Task details:
Each entry below must be repeated exactly. Leave the pictures out of it.

Exercise data:
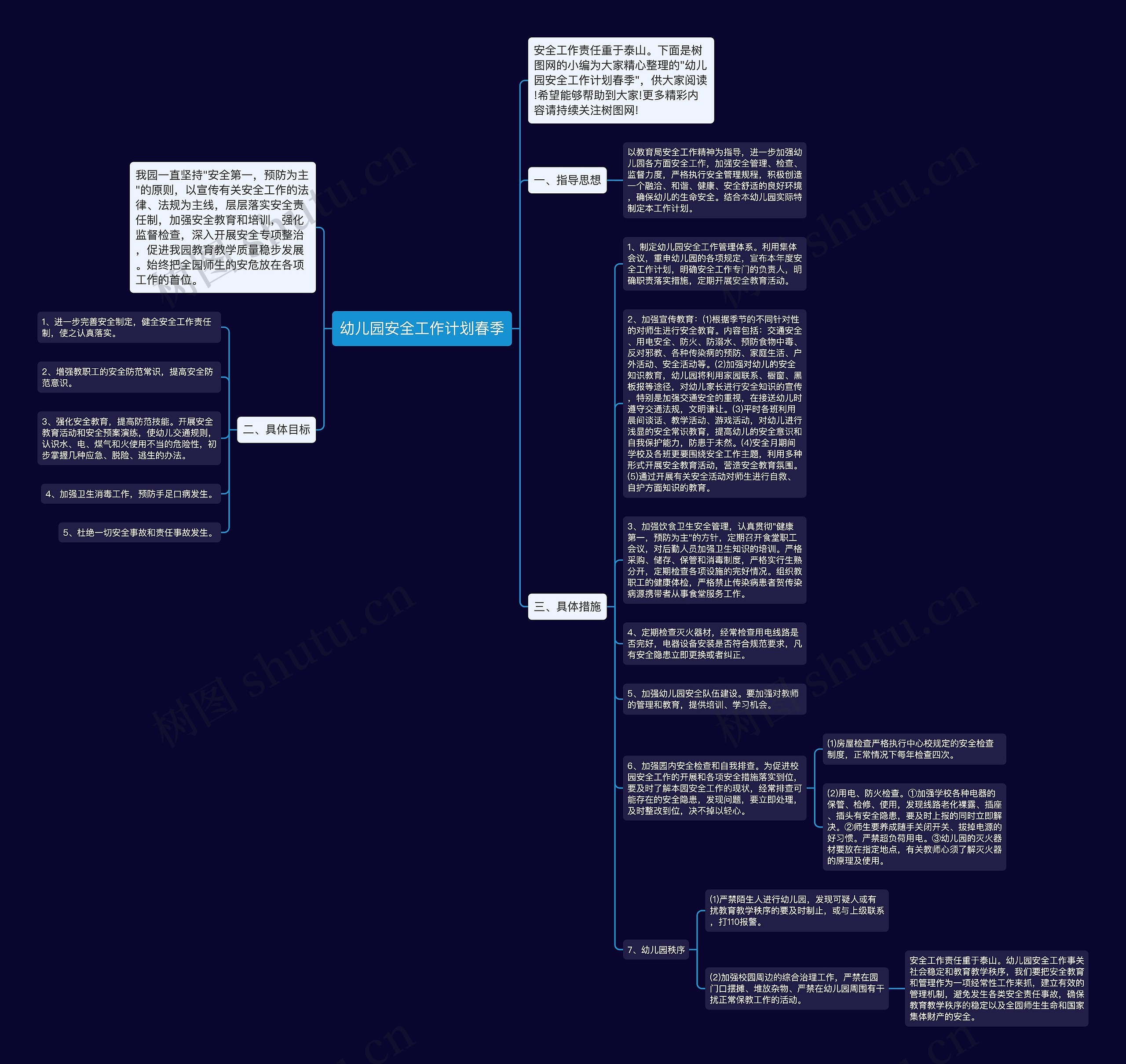 1、制定幼儿园安全工作管理体系。利用集体会议,重申幼儿园的各项规定,宣布本年度安全工作计划,明确安全工作专门的负责人,明确职责落实措施,定期开展安全教育活动。
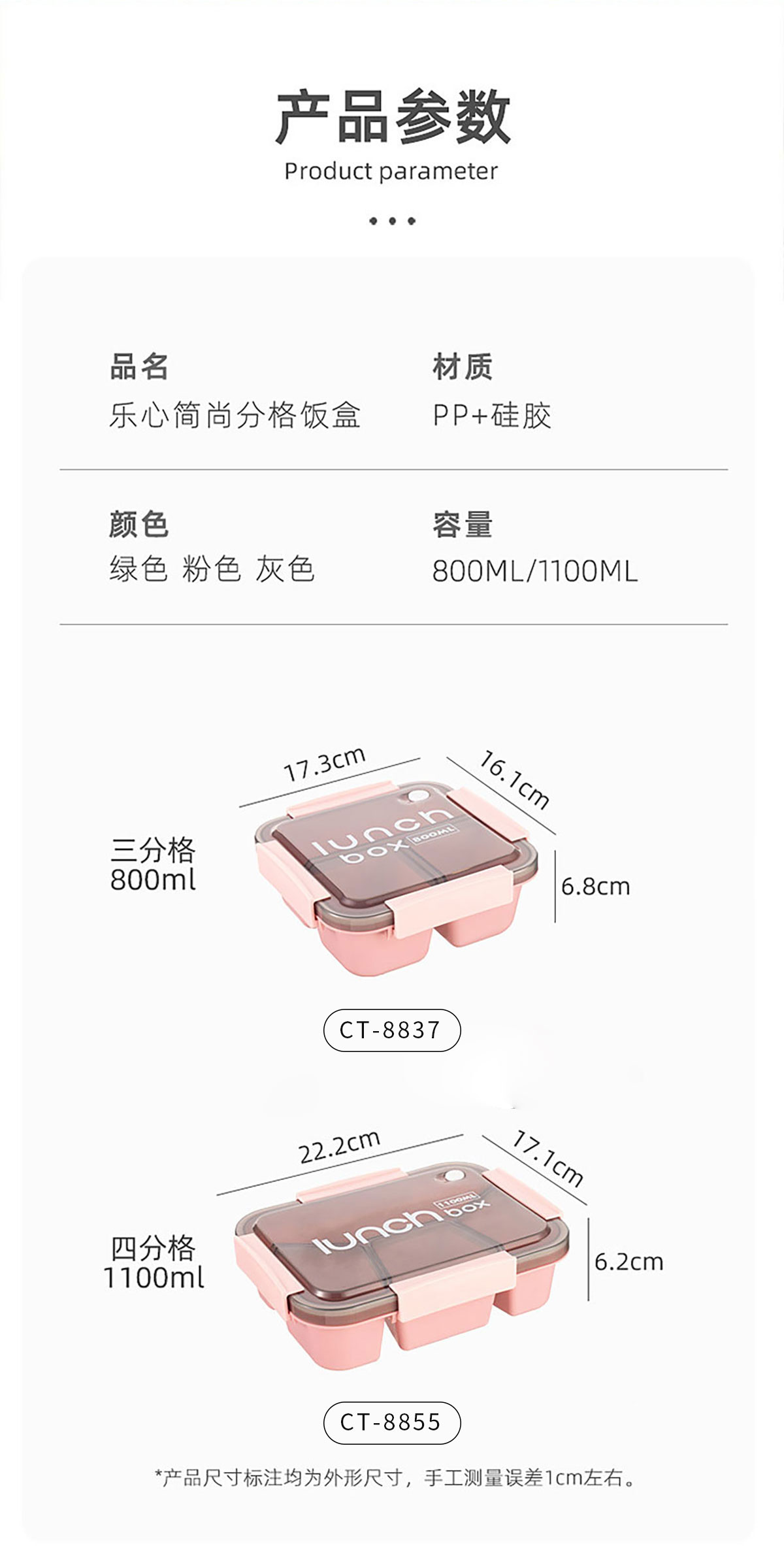 Size: CT-8837(三分格):173*161*68mm
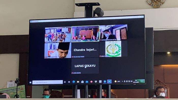 Sidang secara virtual, diketuai oleh hakim Sahlan Effendi SH MH di Pengadilan Tipikor Palembang, Selasa (26/10/2021).
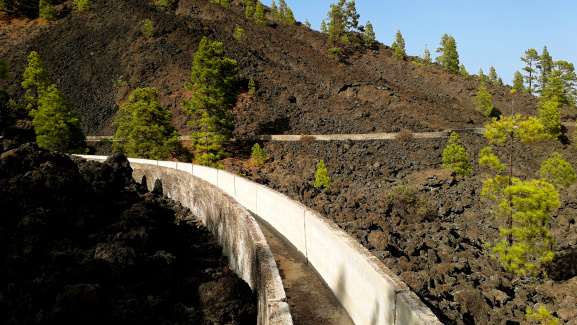 Dies ist nun ein sehr erholsamer Abschnitt der Wanderung. Man geht immer im Kanal entlang, der bald aus dem Wald heraus führt und den Lavastrom in vielen Kurven durchquert. Welch enorme Leistung der Wasserbauingenieure, die vor rund hundert Jahren diesen Kanal mit fast unmerklichem Gefälle angelegt haben! Immer wieder muss man auch stehen bleiben und die herrliche Aussicht bewundern, hinunter ins Tal von Güímar und bis nach Santa Cruz. Bei guter Sicht taucht am Horizont die Nachbarinsel Gran Canaria auf.
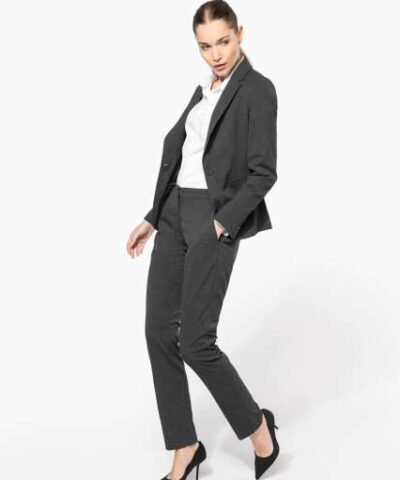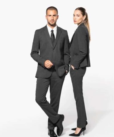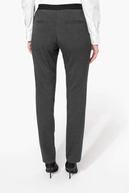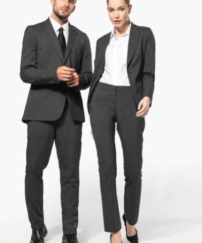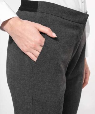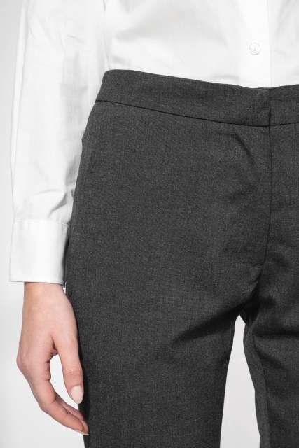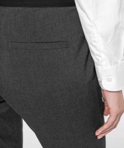 64% polyester / 34% viscose / 2% elastane;Slim fit trousers;2 front Italian pockets and 2 back pockets with piping;Zip fastening with concealed hook and button;Elasticated waistband at the back for optimal comfort;Inside leg: 30 inches (78 cm);Trouser legs with invisible hems;Certified STANDARD 100 by OEKO-TEX®N° CQ1007/8. IFTH;

Written response:
 1、制定幼儿园安全工作管理体系。利用集体会议,重申幼儿园的各项规定,宣布本年度安全工作计划,明确安全工作专门的负责人,明确职责落实措施,定期开展安全教育活动。
 Size: CT-8837(三分格):173*161*68mm
 Sidang secara virtual, diketuai oleh hakim Sahlan Effendi SH MH di Pengadilan Tipikor Palembang, Selasa (26/10/2021).
 Dies ist nun ein sehr erholsamer Abschnitt der Wanderung. Man geht immer im Kanal entlang, der bald aus dem Wald heraus führt und den Lavastrom in vielen Kurven durchquert. Welch enorme Leistung der Wasserbauingenieure, die vor rund hundert Jahren diesen Kanal mit fast unmerklichem Gefälle angelegt haben! Immer wieder muss man auch stehen bleiben und die herrliche Aussicht bewundern, hinunter ins Tal von Güímar und bis nach Santa Cruz. Bei guter Sicht taucht am Horizont die Nachbarinsel Gran Canaria auf.
 64% polyester / 34% viscose / 2% elastane;Slim fit trousers;2 front Italian pockets and 2 back pockets with piping;Zip fastening with concealed hook and button;Elasticated waistband at the back for optimal comfort;Inside leg: 30 inches (78 cm);Trouser legs with invisible hems;Certified STANDARD 100 by OEKO-TEX®N° CQ1007/8. IFTH;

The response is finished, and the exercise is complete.